*** Begin section ***

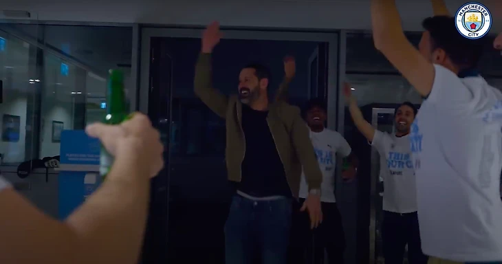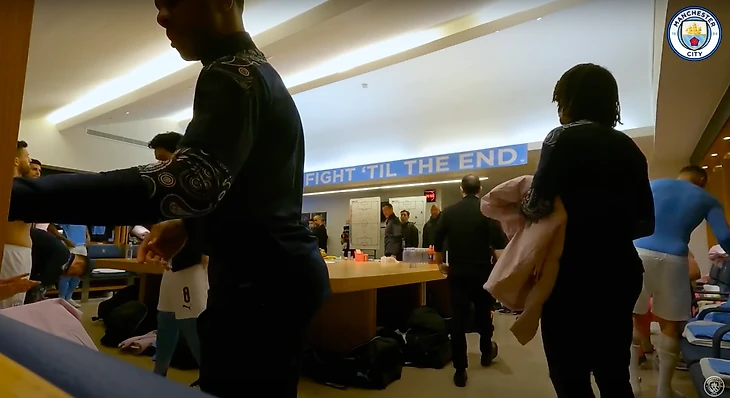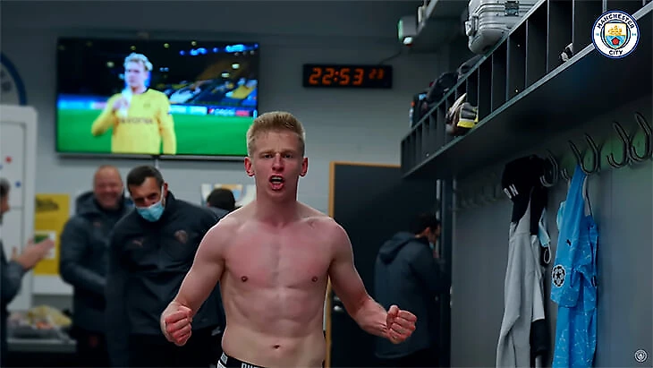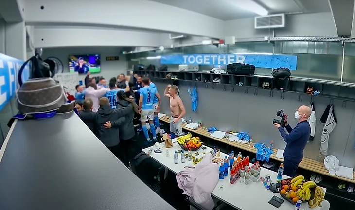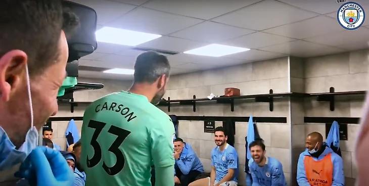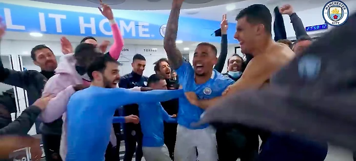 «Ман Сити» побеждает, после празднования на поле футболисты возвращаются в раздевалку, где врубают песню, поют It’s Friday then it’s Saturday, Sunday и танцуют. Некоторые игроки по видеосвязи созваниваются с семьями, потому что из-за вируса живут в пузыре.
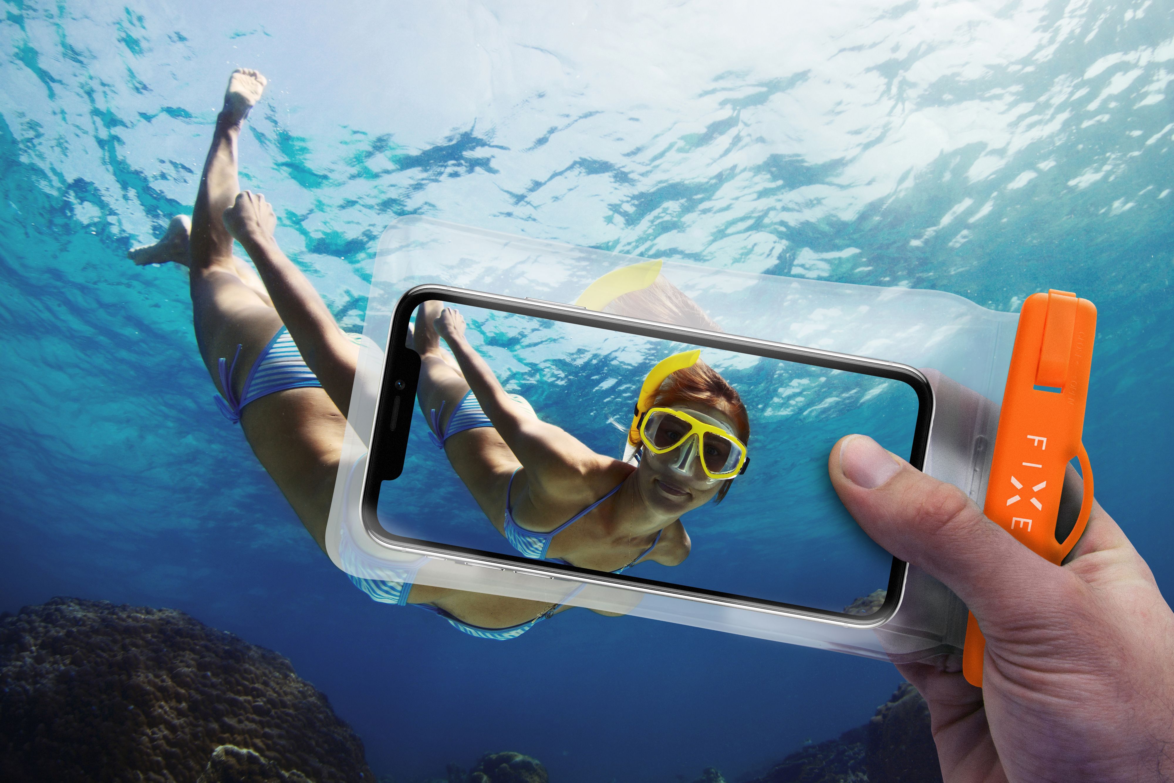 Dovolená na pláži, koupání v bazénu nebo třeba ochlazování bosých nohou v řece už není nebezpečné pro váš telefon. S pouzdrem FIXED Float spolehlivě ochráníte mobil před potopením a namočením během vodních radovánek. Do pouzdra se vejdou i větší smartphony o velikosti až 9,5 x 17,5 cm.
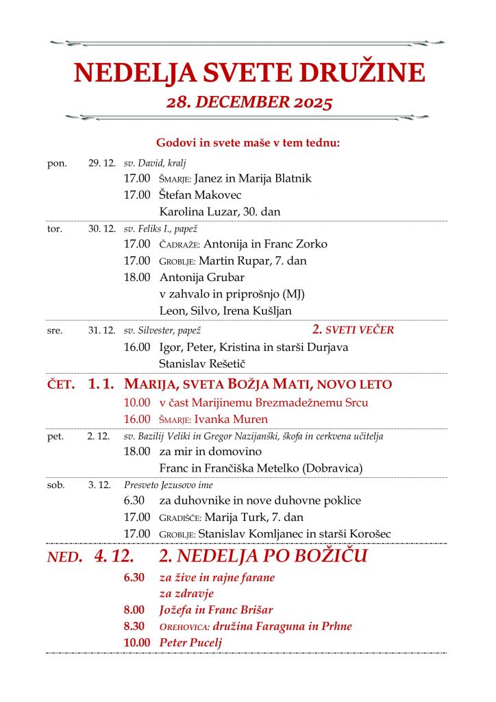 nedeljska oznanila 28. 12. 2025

*** End section ***

→ **Problem statement**
The data above must be written out again without alteration, and the pictures in them must be excluded.

→ **Solved exercise**
 «Ман Сити» побеждает, после празднования на поле футболисты возвращаются в раздевалку, где врубают песню, поют It’s Friday then it’s Saturday, Sunday и танцуют. Некоторые игроки по видеосвязи созваниваются с семьями, потому что из-за вируса живут в пузыре.
 Dovolená na pláži, koupání v bazénu nebo třeba ochlazování bosých nohou v řece už není nebezpečné pro váš telefon. S pouzdrem FIXED Float spolehlivě ochráníte mobil před potopením a namočením během vodních radovánek. Do pouzdra se vejdou i větší smartphony o velikosti až 9,5 x 17,5 cm.
 nedeljska oznanila 28. 12. 2025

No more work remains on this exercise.